LONG WAY UP is a reality series featuring Ewan McGregor and his best friend traveling across Central and South America on motorcycles. In 2004 and 2007 McGregor and his best friend Charley Boorman completed two successful multi-country motorcycle treks. But after a major accident, during which Boorman sustained serious injuries, the duo decided to embark on another journey. Armed with special electric Harley Davidson motorcycles, helmets fitted with cameras and mics, and an electric-car driving production crew that will meet them them at check points, the two start from Tierra Del Fuego and attempt to travel 13,000 miles to Los Angeles in three months.
Is it any good?
This slow-moving series features the duo, who have aged a bit since their last multi-country bike trip, attempting to ride up the Americas using enhanced electric vehicles.
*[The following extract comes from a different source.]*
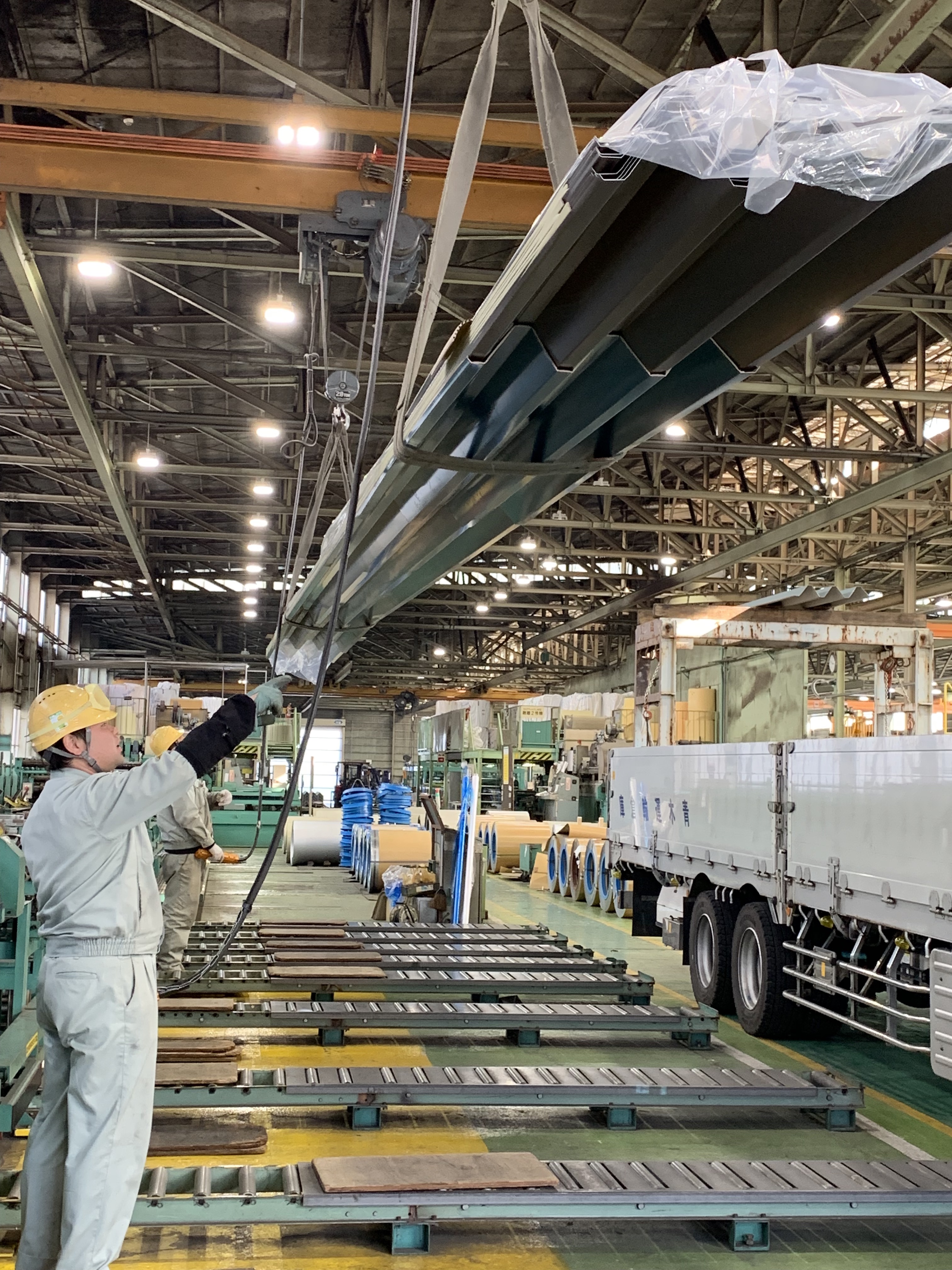 カクイチ倉庫の特徴的な屋根も工場で生み出しています。大型のものになるとクレーンで吊るしてトラックに載せます。外に運び出すのもの一苦労です。近くで見ると物凄く迫力がありますね!

But the adventure is less about who they meet or what they see, and more about the challenge to charge their bikes and cars in remote areas with limited electrical capacity, and in cities and towns that lack appropriate charging stations. Meanwhile, some of the mistakes they make (like not bringing appropriate adapters for the countries they are passing through) make you wonder if they did their homework before starting the experience.
Despite the bumps in the road, Long Way Up does offer some quick glimpses into life in Central and South America. There are also some interesting problem-solving moments. But the overall series is really focused on the trials of the two men and their crew as they try to find outlets to plug in their vehicles and attempt to hit their mileage goals so they'll arrive in Los Angeles on time. If you’re looking for an in-depth travel series, this one won’t deliver. But some folks may still find watching the experience entertaining.
Talk to your kids about ...
Families can talk about the purpose behind Long Way Up. Is it to showcase different people, places, and cultures? Communicate environmental messages? Promote electric vehicle use? Or simply to document a travel experience? What can be learned from this series?
What are some of the benefits of of multi-country travel? Are there any dangers? If you were to embark on a trip like the one featured here, how would you prepare for it?